Minister of Development and the Environment
- Incumbent
- Assumed office 17 July 2019

Personal details
- Born: 1961 (age 64–65) León, Spain
- Party: People's Party
- Alma mater: University of León
- Occupation: Politician Judge Jurist

= Juan Carlos Suárez-Quiñones =

Spanish politician (born 1961)

Juan Carlos Suárez-Quiñones (born 1961) is a Spanish politician, jurist and judge. Juan Carlos is the current minister of development and the environment of Cortes of Castile and León, in office from 17 July 2019.

== Career ==
Juan Carlos member of the judicial career by opposition overcome in 1987. He was promoted to magistrate in 1990. Juan Carlos elected judge dean of the courts of the judicial party of león from December 2002 to February 2012. Juan Carlos was appointed deputy representative of the government in león in 2012.

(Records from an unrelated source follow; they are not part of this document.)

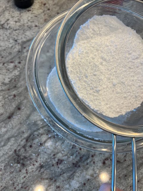 Sift the flour, sugar, baking soda, baking powder and salt together at least three times over a bowl. Set aside.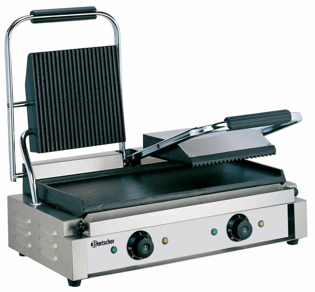 HomeOUTLETRestaurant EquipmentOUTLET - Grill kontaktowy podwójny żeliwny, płyta górna ryflowana dolna gładka, 470 x 230 mm, 3,6 kW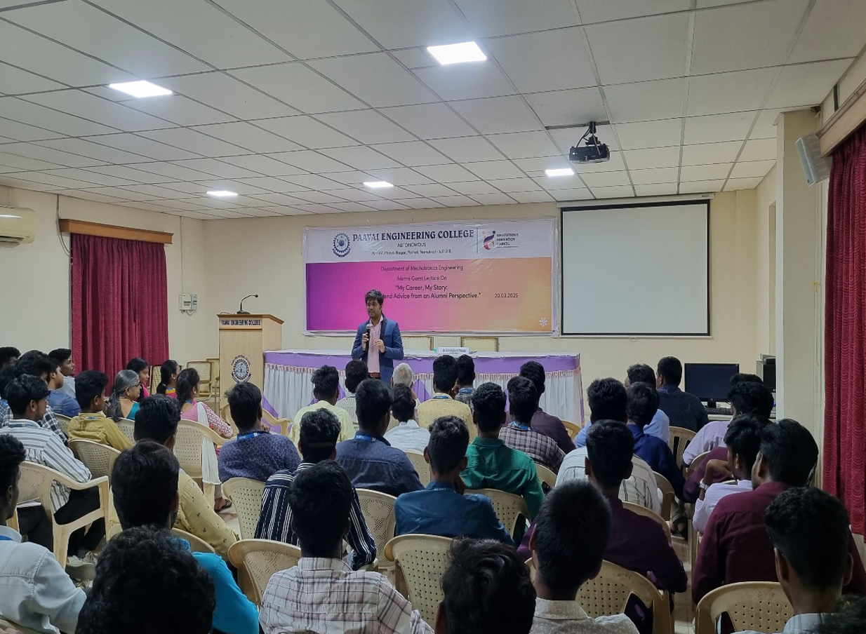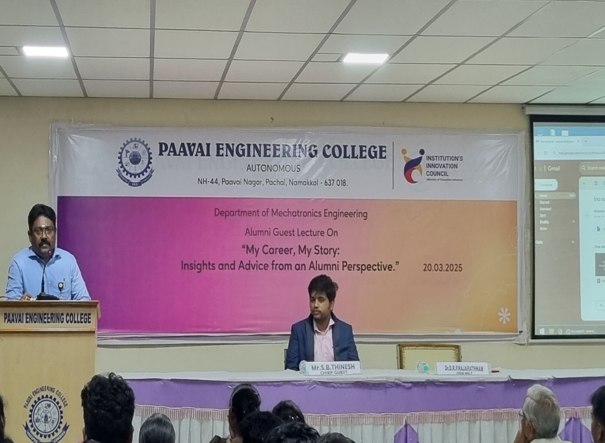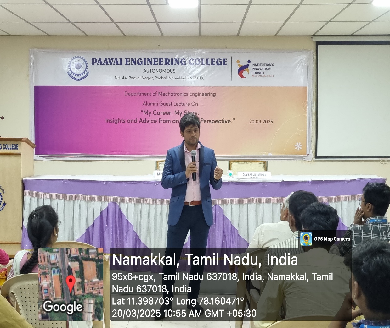 The Department of Mechatronics Engineering at Paavai Engineering College organized an alumni guest lecture on “My Career, My Story: Insights and Advice from an Alumni Perspective” on March 20, 2025. The session aimed to provide students with first-hand insights into career pathways, industry expectations, and professional growth from an experienced alumnus.

In the 2022 elections to the Castile and León Courts, he headed the list of the People's Party in the province of León.

==Personal life==
Juan Carlos was born in León, Spain. Juan Carlos has been a member of various commissions and reflection groups of the ministry of justice. Juan Carlos was honored in 1999 by the decree mayor of the león at the police academy. Juan Carlos was studied at University of León.